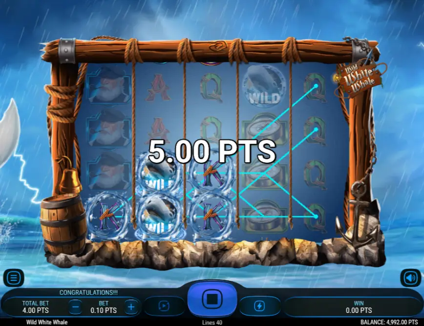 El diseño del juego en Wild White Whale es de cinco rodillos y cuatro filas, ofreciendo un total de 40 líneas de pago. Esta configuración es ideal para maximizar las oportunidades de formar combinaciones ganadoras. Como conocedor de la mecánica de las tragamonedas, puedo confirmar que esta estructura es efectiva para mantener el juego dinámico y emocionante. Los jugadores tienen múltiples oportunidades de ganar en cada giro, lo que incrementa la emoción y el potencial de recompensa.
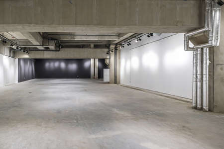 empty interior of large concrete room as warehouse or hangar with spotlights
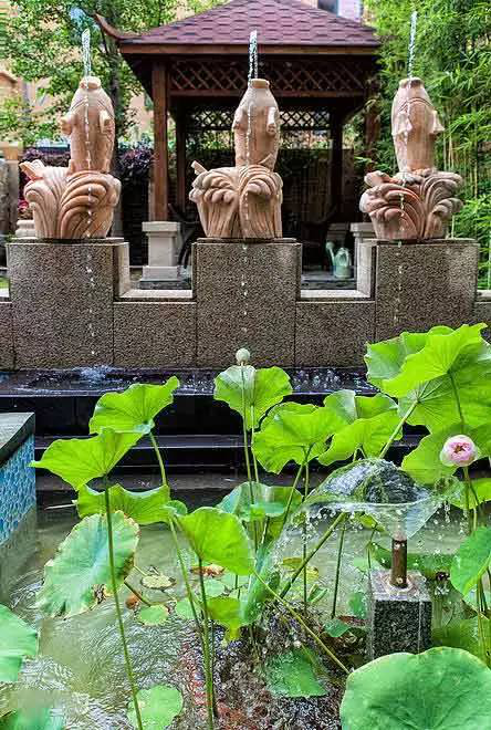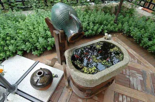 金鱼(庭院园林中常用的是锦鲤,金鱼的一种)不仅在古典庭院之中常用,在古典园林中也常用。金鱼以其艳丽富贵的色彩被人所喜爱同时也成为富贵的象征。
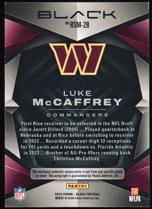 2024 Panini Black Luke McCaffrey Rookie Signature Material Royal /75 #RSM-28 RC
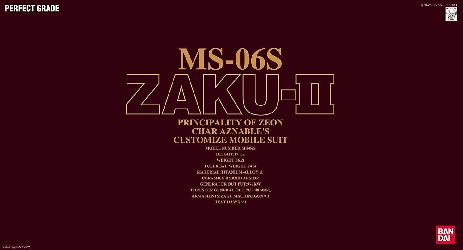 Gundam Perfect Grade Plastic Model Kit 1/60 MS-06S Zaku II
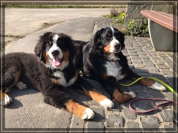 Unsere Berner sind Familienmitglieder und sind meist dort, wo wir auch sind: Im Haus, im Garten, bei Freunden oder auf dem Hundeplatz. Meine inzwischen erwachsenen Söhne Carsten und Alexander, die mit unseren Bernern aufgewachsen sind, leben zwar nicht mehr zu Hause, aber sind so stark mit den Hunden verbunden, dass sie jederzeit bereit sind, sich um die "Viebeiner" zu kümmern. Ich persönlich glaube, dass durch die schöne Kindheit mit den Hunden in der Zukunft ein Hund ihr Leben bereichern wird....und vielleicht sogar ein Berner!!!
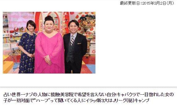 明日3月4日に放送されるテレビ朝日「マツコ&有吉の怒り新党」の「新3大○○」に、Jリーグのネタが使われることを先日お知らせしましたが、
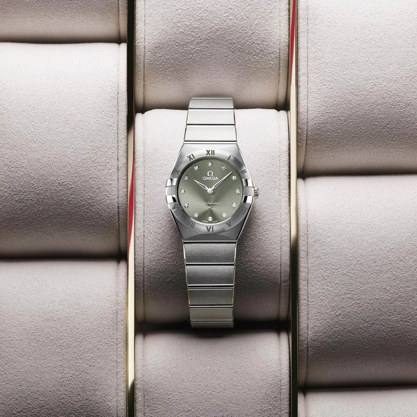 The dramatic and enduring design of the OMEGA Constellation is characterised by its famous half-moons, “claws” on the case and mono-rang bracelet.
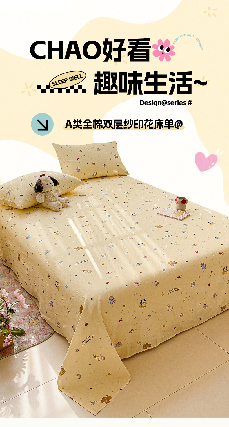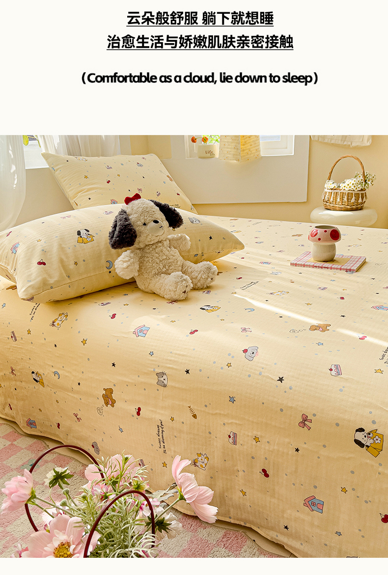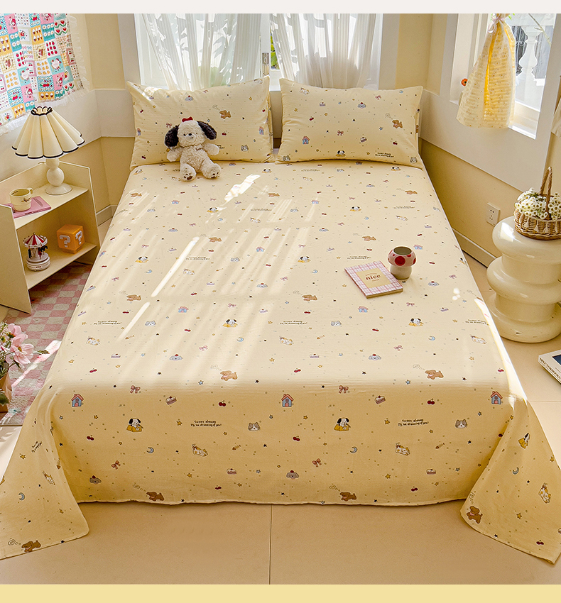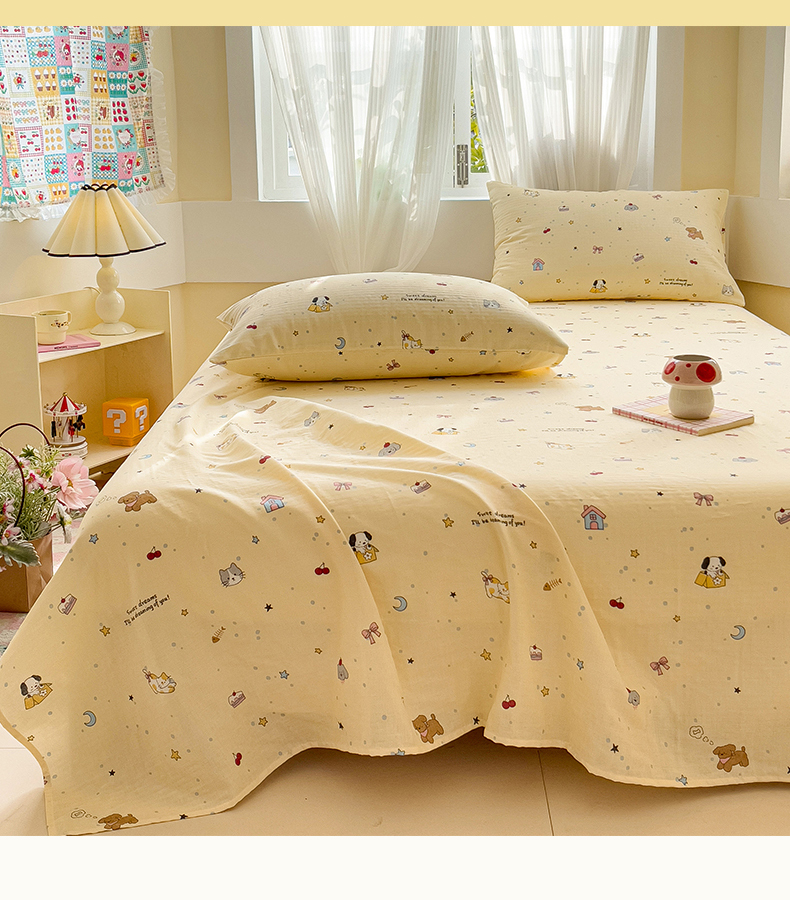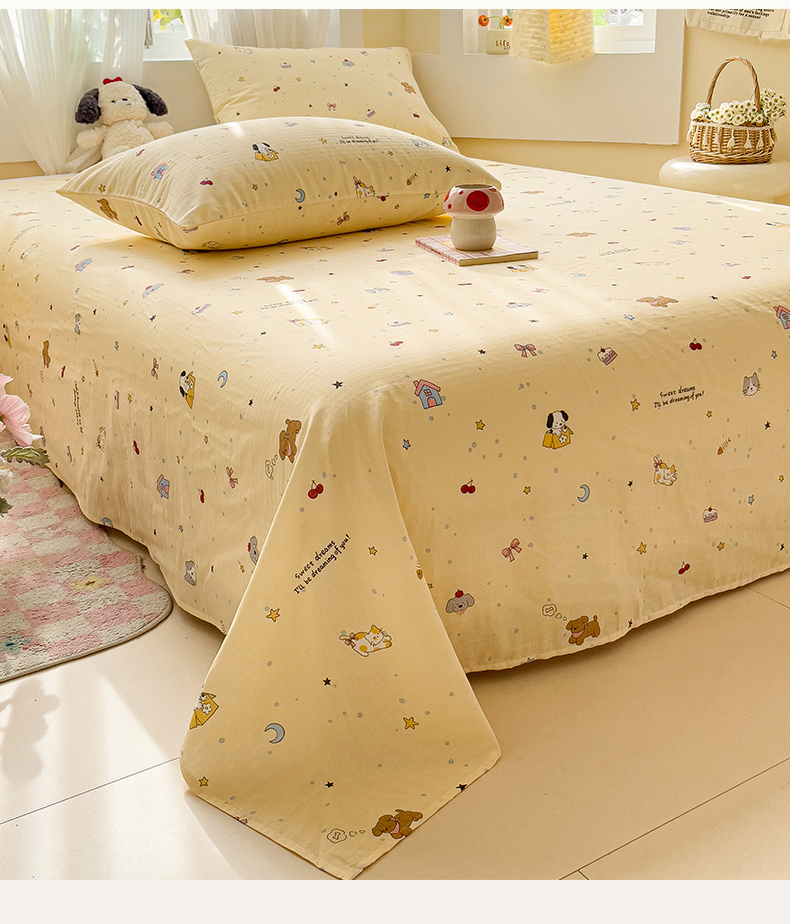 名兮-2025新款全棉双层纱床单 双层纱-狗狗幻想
════════════════
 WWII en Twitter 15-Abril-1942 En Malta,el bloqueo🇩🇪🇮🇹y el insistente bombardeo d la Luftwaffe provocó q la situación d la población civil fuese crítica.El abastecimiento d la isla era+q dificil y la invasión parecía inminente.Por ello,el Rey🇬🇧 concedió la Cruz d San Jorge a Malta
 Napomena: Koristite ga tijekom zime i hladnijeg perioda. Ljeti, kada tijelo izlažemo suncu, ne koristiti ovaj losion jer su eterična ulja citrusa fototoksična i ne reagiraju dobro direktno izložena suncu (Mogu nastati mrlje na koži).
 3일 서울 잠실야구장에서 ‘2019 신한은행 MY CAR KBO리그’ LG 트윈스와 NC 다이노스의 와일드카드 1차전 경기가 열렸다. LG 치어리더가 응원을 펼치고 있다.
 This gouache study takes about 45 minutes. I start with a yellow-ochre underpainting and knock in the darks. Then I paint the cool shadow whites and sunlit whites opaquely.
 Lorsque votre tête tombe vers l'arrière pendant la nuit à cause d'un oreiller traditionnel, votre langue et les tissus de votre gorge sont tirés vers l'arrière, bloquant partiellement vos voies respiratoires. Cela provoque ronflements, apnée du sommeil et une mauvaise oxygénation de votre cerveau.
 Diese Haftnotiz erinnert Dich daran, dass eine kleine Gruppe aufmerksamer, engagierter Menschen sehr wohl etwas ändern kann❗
════════════════
Pictures excluded, give again exactly and only the lines of the material above from the line with "金鱼(庭院园林中常用的是锦鲤" through the line with "Gundam Perfect Grade".

 金鱼(庭院园林中常用的是锦鲤,金鱼的一种)不仅在古典庭院之中常用,在古典园林中也常用。金鱼以其艳丽富贵的色彩被人所喜爱同时也成为富贵的象征。
 2024 Panini Black Luke McCaffrey Rookie Signature Material Royal /75 #RSM-28 RC
 Gundam Perfect Grade Plastic Model Kit 1/60 MS-06S Zaku II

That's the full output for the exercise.